The Zero-Emission Vehicles standard adopted by California and 9 other states to date requires a “tune-up” if plug-in electric vehicle market growth is going to continue, according to a new report commissioned by the NRDC.

Apparently, without improvements to the current credit program, the number of plug-in vehicles sales over the coming years will fall well short of those included in the program’s goals and in the plans of various state governors employing the standard, according to the Shulock Consulting report.

zev_salesAs noted in the NRDC’s coverage, as it stands, “just one successful electric vehicle startup — Tesla Motors — could produce enough zero-emission vehicles to meet the entire auto industry’s requirements through 2025 with some moderate sales growth.” This is owing to the fact that “a multitude of ‘extra credit’ provisions are diluting the number of vehicles the auto industry will be required to deliver by more than a third.”

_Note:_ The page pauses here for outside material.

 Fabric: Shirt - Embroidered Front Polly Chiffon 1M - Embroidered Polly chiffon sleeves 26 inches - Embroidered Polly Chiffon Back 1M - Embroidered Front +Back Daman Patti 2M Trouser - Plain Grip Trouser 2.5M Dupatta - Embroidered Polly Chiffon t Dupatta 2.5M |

Without the aforementioned tune-up, the report argues that the following results can be expected:

  • The number of vehicles resulting will fall well short of the program’s goals and those established by the ZEV state governors. Automakers will only need 6% of their new vehicle sales annually to be electric-drive under the standard by 2025, versus the original 15.4% goal. Some automakers already met or exceeded a 6% sales level in California as early as last year.
  • In California, only 1 million electric vehicles must be sold through 2025 to meet the ZEV standard, well short of the more than 1.6 million expected. Across the eight ZEV states that established the joint target of 3.3 million, only 2.1 million electric vehicles need to be sold by 2025, more than one-third less than intended.
  • Even moderate growth for Tesla Motors could result in that one single company meeting the entire auto industry’s ZEV obligations. Under this scenario, the standard would become “non-binding” for other manufacturers who could simply comply through purchasing credits.

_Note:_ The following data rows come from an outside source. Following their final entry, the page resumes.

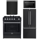 FORNO Espresso Package - 30" Gas Range, 30" Refrigerator with Ice Maker, Dishwasher and 24" Microwave Drawer in Black with Silver Accents
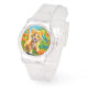 I only have one complaint. I ordered the watch with clear case and strap, and what was sent was white case and strap. I'm going to keep it because 1) it looks very nice in white, and 2) it would take too long to get a replacement made and sent in time for my occasion. Aside from the mix up with the color, the watch does look very good in white. The purple dial is actually sparkly which did not show in the online images. That was a nice surprise. If you like Swatch watches this is very similar to those. It's 33.6mm in diameter, 10.5mm thick, and 40.6mm lug to lug. Stainless steel case back says 3ATM/30m WR, so no swimming or showering or submerging this one. If you like Woodstock, this is a great choice.
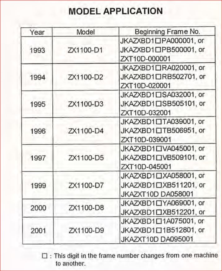 ZX1100-D1 thru to ZX1100-D9. Check preview for full vin number ranges.
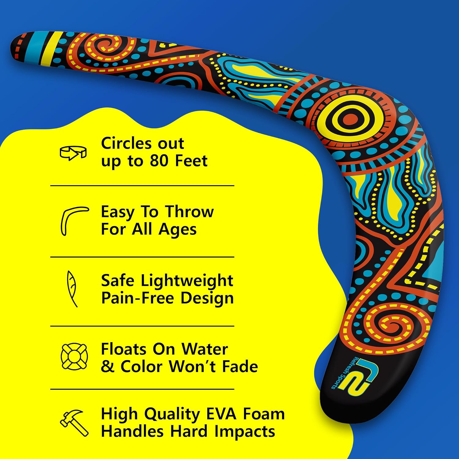 - ๐ก๐ฒ๐ & ๐จ๐ป๐ถ๐พ๐๐ฒ ๐๐ฉ๐ ๐๐ผ๐ฎ๐บ ๐๐ฒ๐๐ถ๐ด๐ป - The Boomerang is back! Our Boomerangs set the standard with a unique EVA (Ethylene-Vinyl Acetate Copolymer) Foam not seen elsewhere. Recognized for its durability in sports protection padding and gym tile flooring, this foam ensures strength against wear and tear, hard impacts, and water damage. This isn't just another traditional wooden Boomerang; it's made to easily fly back to you and not hurt your fingers when you catch it.
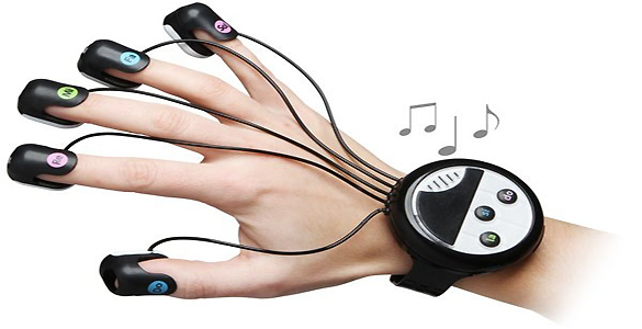 Ambos funcionan por un sistema tan básico como son unos sensores que van en la punta de los dedos. En el caso de los guantes quedan ocultos, mientras que en el del 'piano para dedos' quedan al descubierto, pero con un diseño más moderno y futurista, digno casi de película de ciencia ficción.
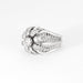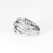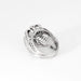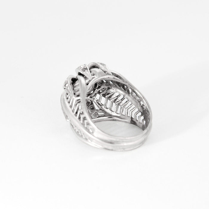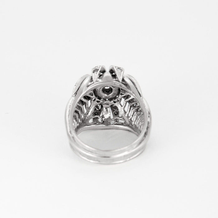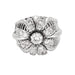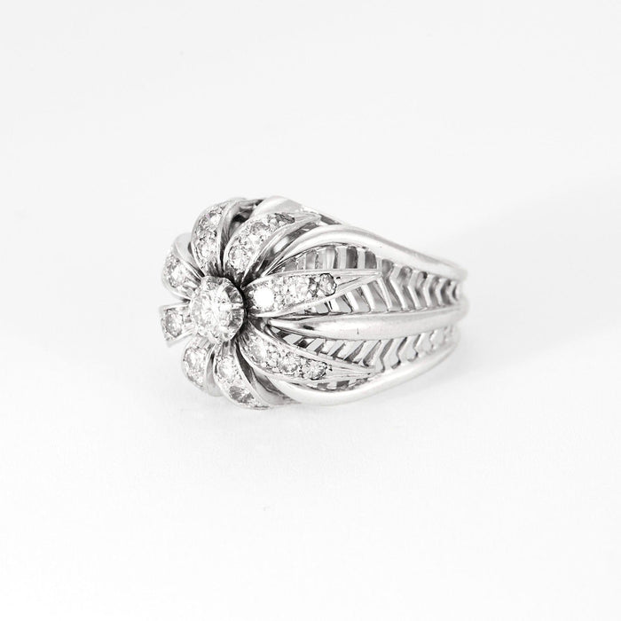 Koepelvormige ring van 18 karaat (750 duizendste) witgoud en 950 duizendste platina, met een centraal motief dat een bloem voorstelt. De stamper en de acht bloemblaadjes zijn bezet met ronde briljant geslepen diamanten en 8/8 diamanten. Het ringlichaam is versierd met opengewerkte chevrons.

With regard to actions that can be taken, Shulock Consulting recommended:

  • Stricter requirements around “extra credits:” The standard allows automakers to receive additional credits based on an inflated, highly favorable “urban-only” or city-driving range rather than real-world range. This can result in “range inflation” of 40% or more. For example, a battery-electric vehicle that achieves 84 miles real-world currently receives crediting assuming 127 miles, based on urban-only driving.
  • Adding a protective floor: To ensure the program results in real deliveries each year, automakers should be required to comply with some portion of the requirements with actual vehicles (produced either by themselves or others in that year), rather than historic, banked credits. This will help ensure that — outside of unforeseen events — no automakers are relying solely on past credits or able to pull plug-in vehicle model offerings off the shelf if they’ve hit their compliance target.

Quick fixes like these could ensure the program stays on track to meet the goals of the states. The Air Resources Board, together with other ZEV states, has a great opportunity over the next year to demonstrate continuing leadership to accelerate the ZEV market.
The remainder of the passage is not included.